La cultura è, nel nostro nuovo scenario, una risorsa primaria di sopravvivenza.
Investire in cultura diventa così un modo chiaro e determinato di contribuire alla
costruzione delle basi di una nuova convivenza civile, di un nuovo modello di
sviluppo economico, di nuove basi per i comportamenti e le progettualità individuali
e collettive.
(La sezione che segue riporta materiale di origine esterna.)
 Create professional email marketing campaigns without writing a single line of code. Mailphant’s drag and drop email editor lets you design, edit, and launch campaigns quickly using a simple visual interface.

Investire in cultura è la nuova e pressante frontiera della responsabilità
sociale delle imprese.
Negli ultimi anni le imprese più impegnate nel comunicare ai clienti attuali e
potenziali la propria visione e il proprio orientamento al valore si sono sforzate di
mostrare come tutta la loro attività fosse orientata a costruire un mondo più vicino
alle loro aspirazioni e ai loro desideri. Ma trasmettere una visione e un proprio
orientamento al valore significa immergere il consumatore in un mondo di senso
che trascende il prodotto, il quale diventa solo un elemento di un contesto molto più
complesso ed articolato.
In un momento in cui il fondamento stesso delle aspirazioni e dei desideri è messo
in discussione e sottoposto ad una complessa ridefinizione, lo stesso mondo di
senso che fino a poco fa appariva ricco, appagante, autosufficiente rischia ora di
diventare soffocante e solipsistico se non si apre ad una dimensione più relazionale,
più comunitaria, alla costruzione di un mondo valoriale nel quale l’individuo non
stabilisce una relazione preferenziale con il prodotto ma inserisce il prodotto
all’interno di un modello di socialità più evoluto e consapevole.
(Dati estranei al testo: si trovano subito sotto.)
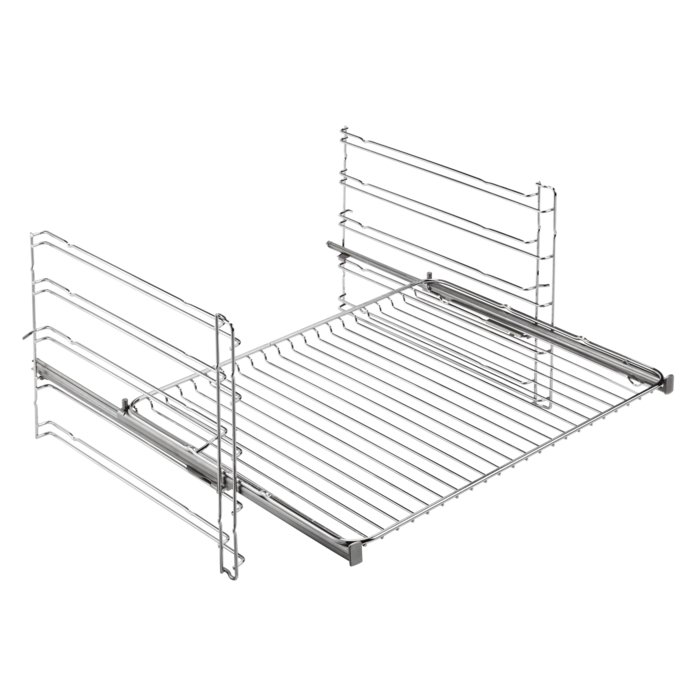 Backblechauszug - die Teleskopschienen machen die Zubereitung leckerer Mahlzeiten noch einfacher. Jetzt können Sie die Bleche bequem herausziehen und das Sicherheitsschloss verhindert, dass diese nach vorne kippen oder herausrutschen. Sie lassen sich problemlos an vorhandene Racks anklemmen und lassen Ihnen so beide Hände frei zum Braten, Kochen und Würzen. Einhängegitter und Rost sind nicht im Lieferumfang enthalten.

Queste dinamiche evolutive non possono essere improvvisate o costruite in modo
strumentale al raggiungimento di determinati obiettivi di vendita: il richiamo
strumentale e superficiale a determinati valori o stati emotivi finisce per divenire
evidente e distrugge la credibilità del marchio e del mondo di senso che l’impresa
cerca di costruire.
Occorre invece allargare la prospettiva e attingere al luogo sociale di produzione
non strumentale di valori, visioni del mondo, modelli di comportamento: la cultura,
appunto.
Nel nuovo scenario, ancora più che nel precedente, la cultura diventa quindi la
materia prima per la costruzione del valore, una risorsa strategica su cui investire
per partecipare alla produzione delle idee, delle visioni, delle ragioni di vita: quanto
più partecipativo, consapevole e mirato l’investimento, tanto maggiore la sua utilità
per l’impresa e per la comunità.
Il problema non è quindi tanto l’investire in cultura: qualunque impresa che mira a
produrre valore nel nuovo scenario definisce una propria cultura, in un modo o
nell’altro. Il problema è imparare ad investire, saper comprendere il complesso e
vitale metabolismo attraverso il quale le nostre società di mercato avanzate
utilizzano le risorse economiche per costruire una nuova economia della mente,
delle motivazioni, dei progetti di vita, e per divenirne parte integrante attraverso
una progettualità ambiziosa, lucida, lungimirante, creativa.
Questo deve essere oggi, e questo sarà sempre più, investire in cultura.